Notes are fixed-term investments, which grow in value due to interest. After a certain period of time, notes "mature," which means they pay the investor the face value plus any accrued interest. Depending on the note, interest may be simple or compounded. Short-term notes, such as 30-day or 90-day notes, typically use simple interest. Multi-year notes typically use compounded interest, which means the accrued interest also grows in value.

Simple Interest

Step 1

Divide the note investment term, in days, by 365 to calculate the fraction of a year. Some companies use 360 days when calculating years, so confirm this figure before performing your calculation. As an example, a 30-day note would be 0.082192 of a year when using 365 days to constitute a full year.

Step 2

Multiply this figure by the annual interest rate, in decimal form.

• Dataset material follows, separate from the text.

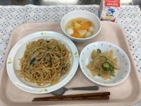 (献立)塩焼きそば野菜の中華漬けフルーツ白玉牛乳(メモ)ソース味の焼きそばが多い...
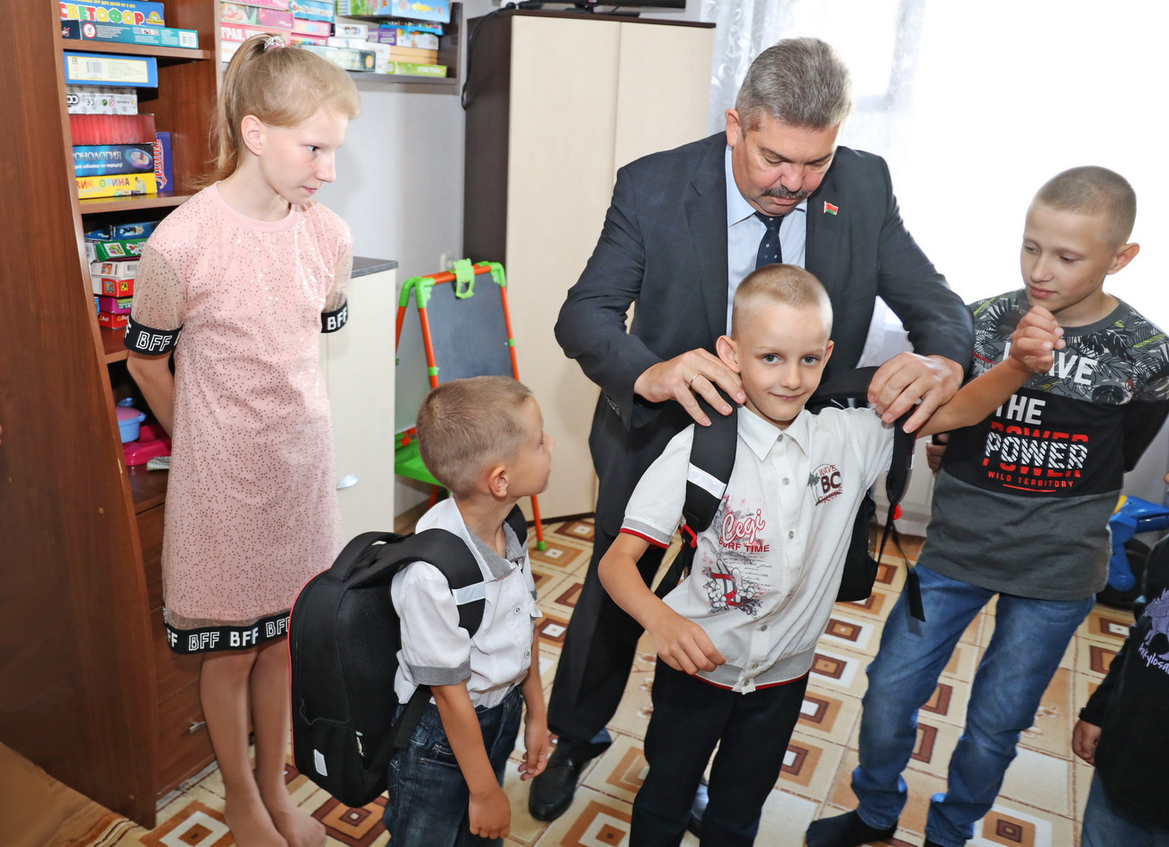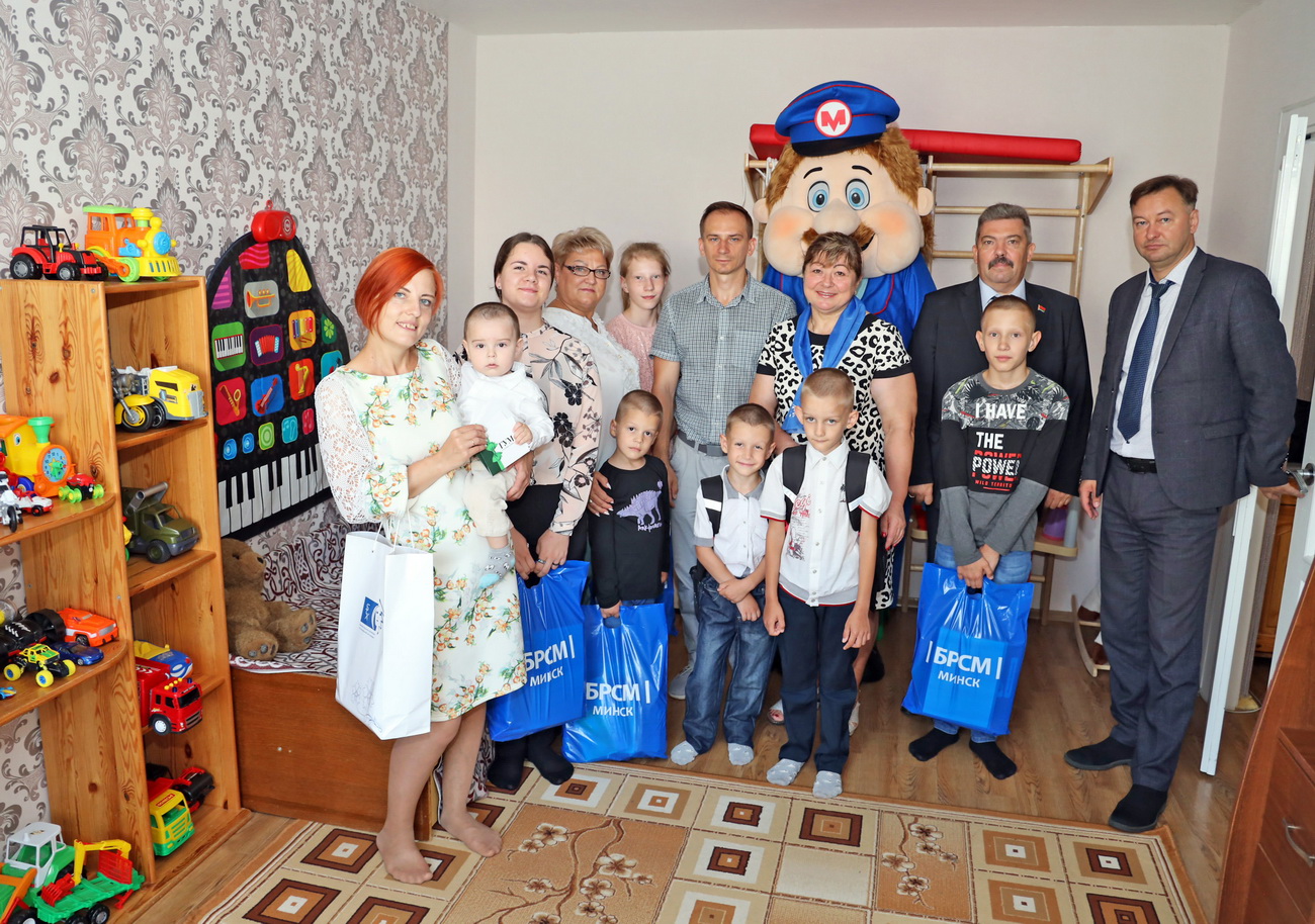 Семья Толкач сегодня воспитывает 7 детей и, конечно же, не так просто всех их подготовить к новому учебному году. Поэтому представители первичных организаций Белорусского союза женщин (БСЖ) и БРСМ предприятия, вместе с руководством Минского метрополитена решили оказать помощь этому детскому дому.

In the example, an 8 percent interest rate would be 0.0065753 for the term.

Step 3

Add 1 to this figure. In the example, you get 1.0065753.

Step 4

Multiply this figure by the note's face value to calculate the maturity value. In the example, a $5,000 note would have a maturity value of $5,032.88.

Compound Interest

Step 1

Add 1 to the interest rate, in decimal format. As an example, an 8-percent interest rate would gives you 1.08.

Step 2

Raise this figure to the power of the number of years on the note. In the example, a 5-year note, compounded annually, is calculated as 1.08 to the power of 5, which gives you 1.46933.

Step 3

Multiply this figure by the note's face value to calculate its maturity value. In the example, this gives you a maturity value of $7,346.64.